Quand les adolescents sont confrontés eux-mêmes à un travail de réalisation dans des ateliers plus longs, cette notion
s’enrichit encore. Dès le travail de construction du scénario, les questions qui se posent sont celles du point de vue, liées
au récit :
➢ Qui vit cette histoire ?
➢ Qui la raconte ?
➢ Avec qui veut-on que le spectateur s’identifie ?
➢ A quel endroit se place-t-on pour la raconter?
➢ Que veut-on dire à travers l’histoire mise en place ?
A l’épreuve du tournage, on retrouve les choix liés au découpage mais on questionne également avec acuité la notion de
cadre. Cadrer, c’est faire entrer dans le champ de la caméra un morceau de réel. Dès lors :
➢ Qu’y met-on, ou pas ?
➢ Qu’est-ce qui rentre dans le cadre, qu’est-ce qu’on laisse hors-champ et pourquoi ?
➢ Que prendra en charge l’image et que prendra en charge le son ?
A nouveau, les choix sont multiples et autour de la caméra on se dispute souvent le choix du cadre, dans les moindres
détails : affaire de goût, affaire de point de vue sur l’histoire à raconter. Les apprentis réalisateurs se posent des questions
fondamentales :
➢ Veut-on que les personnages cohabitent dans l’espace du cadre, veut-on les isoler ?
➢ Veut-on filmer les corps en entier, les morceler ?
➢ Verra-t-on celui qui parle ou celui qui écoute ?
➢ Quelle place choisir pour filmer un paysage ?
➢ En fonction de quel regard ?
➢ Que cela raconte-t-il ?
Arrivés au montage, le choix de la bonne prise tout autant que celui de la forme et du rythme à donner au film (il faut
parfois savoir s’éloigner du scénario de départ pour mieux retrouver l’intention première du réalisateur) sont de nouveau
affaire de point de vue.
Les possibilités sont multiples, des décisions devront être prises qui donneront sa forme définitive au film.

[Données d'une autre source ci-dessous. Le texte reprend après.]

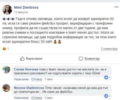 Потребител с името Mimi Dimitrova (не е сигурно дали профилът е истински или не) чрез статус търси хора, които срещу 50 лева трябва да дадат достъп до профила си и до информацията в личните си компютри. От написаното става ясно, че не за първи път се организира подобна акция.

Ces choix seront
dorénavant gravés sur la pellicule et le spectateur ne se doutera même pas des hésitations ou des questions qui ont
accompagné la fabrication du film. Lui voit une œuvre terminée, signée, avec un style propre.
Évidemment, là où seul le réalisateur sait ce qu’il veut, une réalisation de groupe est parfois conflictuelle ou faite de
compromis !
Dans toutes ces expériences de cinéma, il y a en tout cas la prise de conscience pour un jeune public que derrière chaque
image fabriquée, il y a une personne, un regard, un choix (ce qui n’exclut pas un travail d’équipe, bien sûr !). Un film est
bien le fruit d’un désir, celui d’une femme ou d’un homme, qui nous donne son regard sur le monde ».